Page snapshot improvements - Three-tier storage strategy: in-memory caching for fast access, async OPFS persistence, and session storage as fallback

The Human Side

This release represents the work of 49 contributors, with special recognition for:

  • @mward-sudo (Michael Ward) - Single-handedly ported several modules with complex code
  • @tenkiller (Brett Fincher) - Contributed multiple ports
  • @Sorc96 - Contributed multiple ports
  • @Lucassifoni (Lucas Sifoni) - Contributed multiple ports and fixed map immutability
  • @ideaMarcos (Marcos) - Contributed multiple ports and float formatting options
  • @Petarj123 (Petar Jankovic) - Contributed multiple ports

What's Next

With 96% of Erlang functions needed for client-side web apps already ported, Hologram is steps away from having a reliable and comprehensive Elixir runtime in the browser. The team plans more granular and frequent minor releases as they finish the last few pieces of the puzzle and shift focus to polish and stability.

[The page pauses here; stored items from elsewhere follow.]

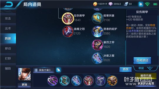 六神装:暗影战斧、抵抗之靴、冰痕之握、反伤刺甲、魔女斗篷、不祥征兆
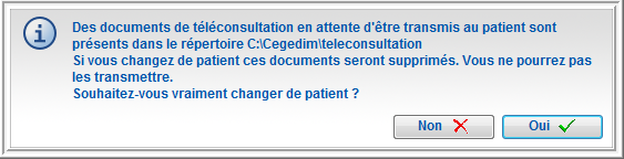 Si vous changez de dossier patient ou que vous quittez MédiClick, ce message d'information apparaît : |
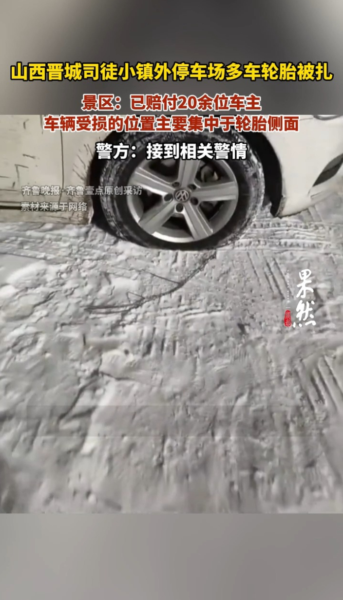 果然视频|晋城司徒小镇外多车轮胎被扎,景区已赔付20余位车主齐鲁晚报·齐鲁壹点客户端 昨天16:56原创1月2日晚,多位游客反映,在山西晋城司徒小镇景区外的停车场内,多辆汽车轮胎被扎破。4日下午,齐鲁晚报·齐鲁壹点记者从司徒小镇工作人员处获悉,景区已向20余位车主完成赔付,车辆受损的位置集中于轮胎侧面。关于寻找肇事者的事宜,工作人员称,“已经有些眉目。” (齐鲁晚报·齐鲁壹点记者 胡玲玲 路董萌)
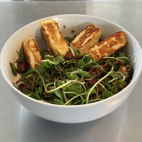 Dhal salad #GelfAlderson #RiverCottage #GreatSalads #homegrown tomatoes, onion & garlic - the halloumi was my addition 🙌 #mymenuplan
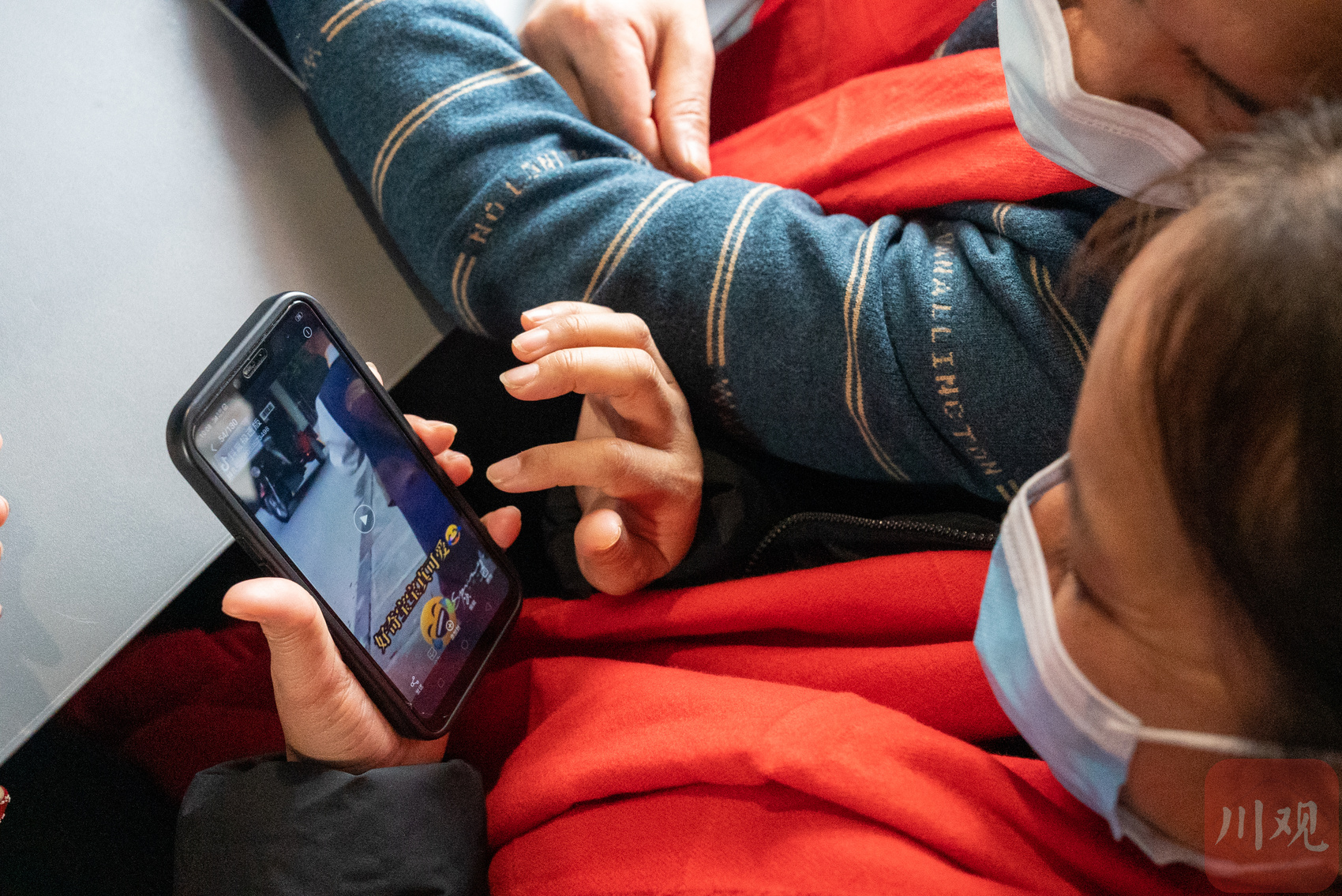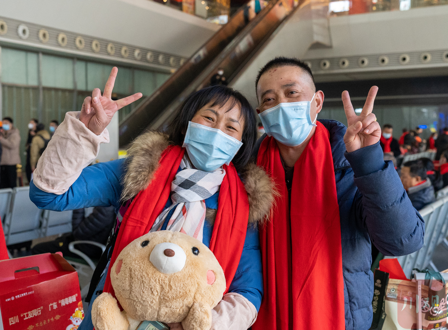 成都东站候车大厅,杨云坤和王海燕夫妻在等待专列发车。
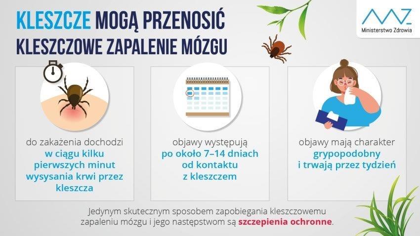 Wybierając się np. na spacer do lasu, należy pamiętać o odpowiednim okryciu ciała: długich spodniach, bluzce z rękawem, nakryciu głowy. Najlepiej, aby ubranie było jasne, wtedy łatwiej na nim zauważyć kleszcza. W zapobieganiu ukąszeniu przez kleszcza ważne jest stosowanie odpowiednich preparatów odstraszających te pajęczaki (tzw. repelentów, do kupienia w drogeriach i aptekach). Najskuteczniejszym i najbardziej efektywnym sposobem ochrony przed kleszczowym zapaleniem mózgu jest szczepienie.
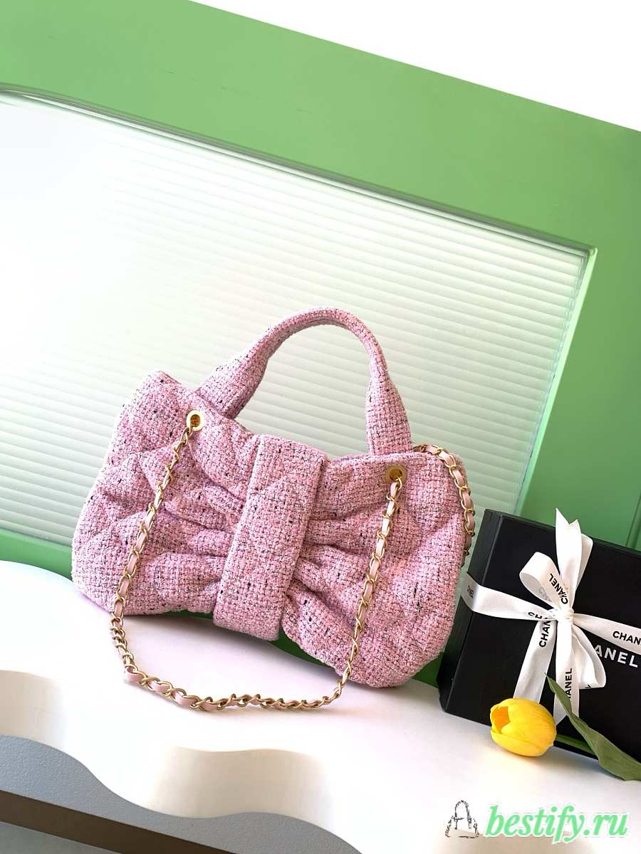 Chanel 25K Large Tweed Bow Bag in Pink - 38x29x5cm
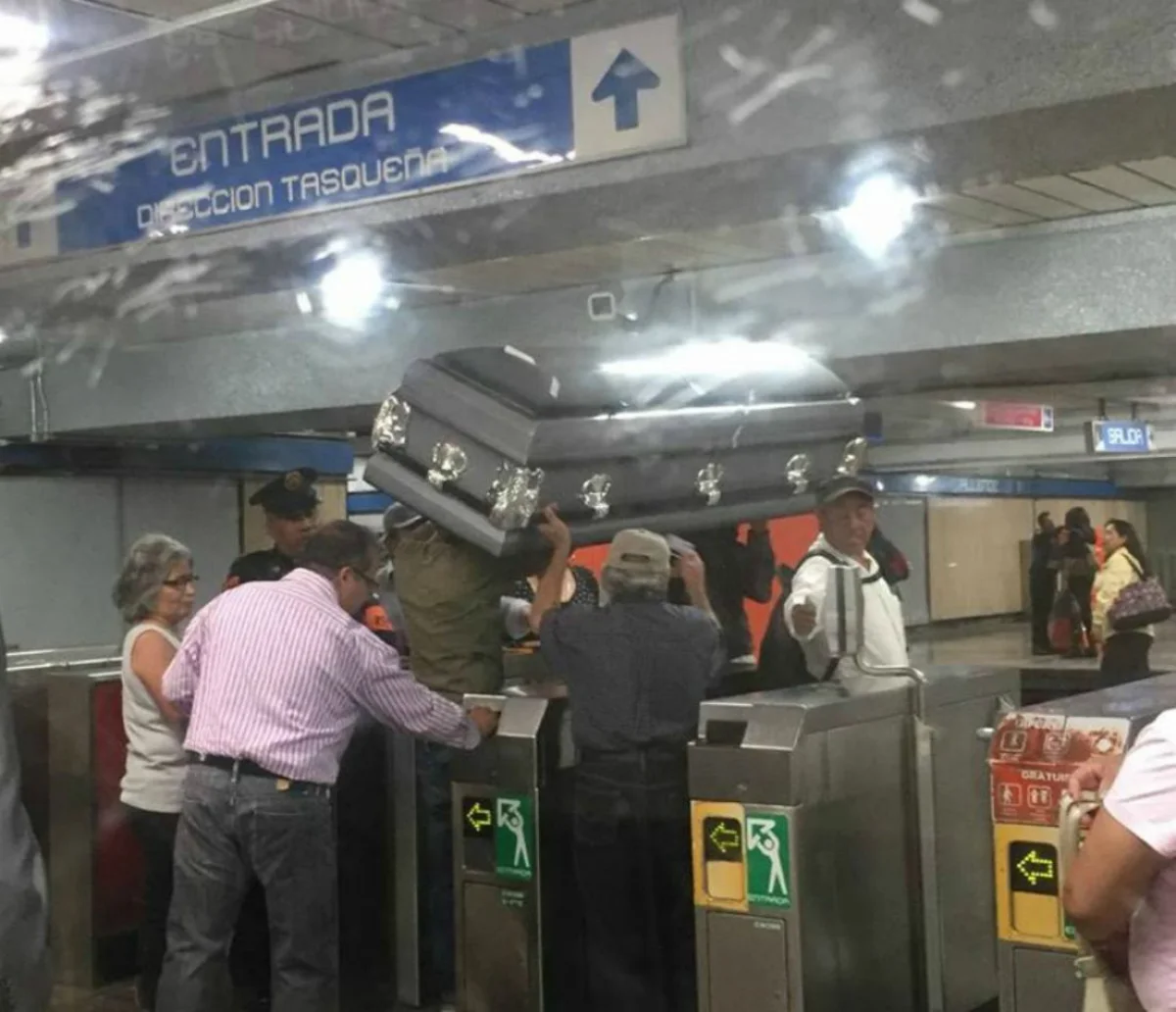 Una familia llamó la atención de todos en el subte de la Ciudad de México al llegar a la estación con un ataúd a cuestas.

To upgrade: Update the Hologram dependency in your mix.exs to {:hologram, "~> 0.7.0"} and run mix deps.update hologram

From 34% to 96%: The Porting Initiative Delivers - Hologram v0.7.0 - Hologram

The porting initiative has transformed Hologram from a promising experiment to a production-ready platform for building full-stack Elixir applications that run seamlessly in the browser. With Phase 1 nearing completion, the focus now shifts to refining the developer experience and preparing for the more complex process-related functionality planned for Phase 2.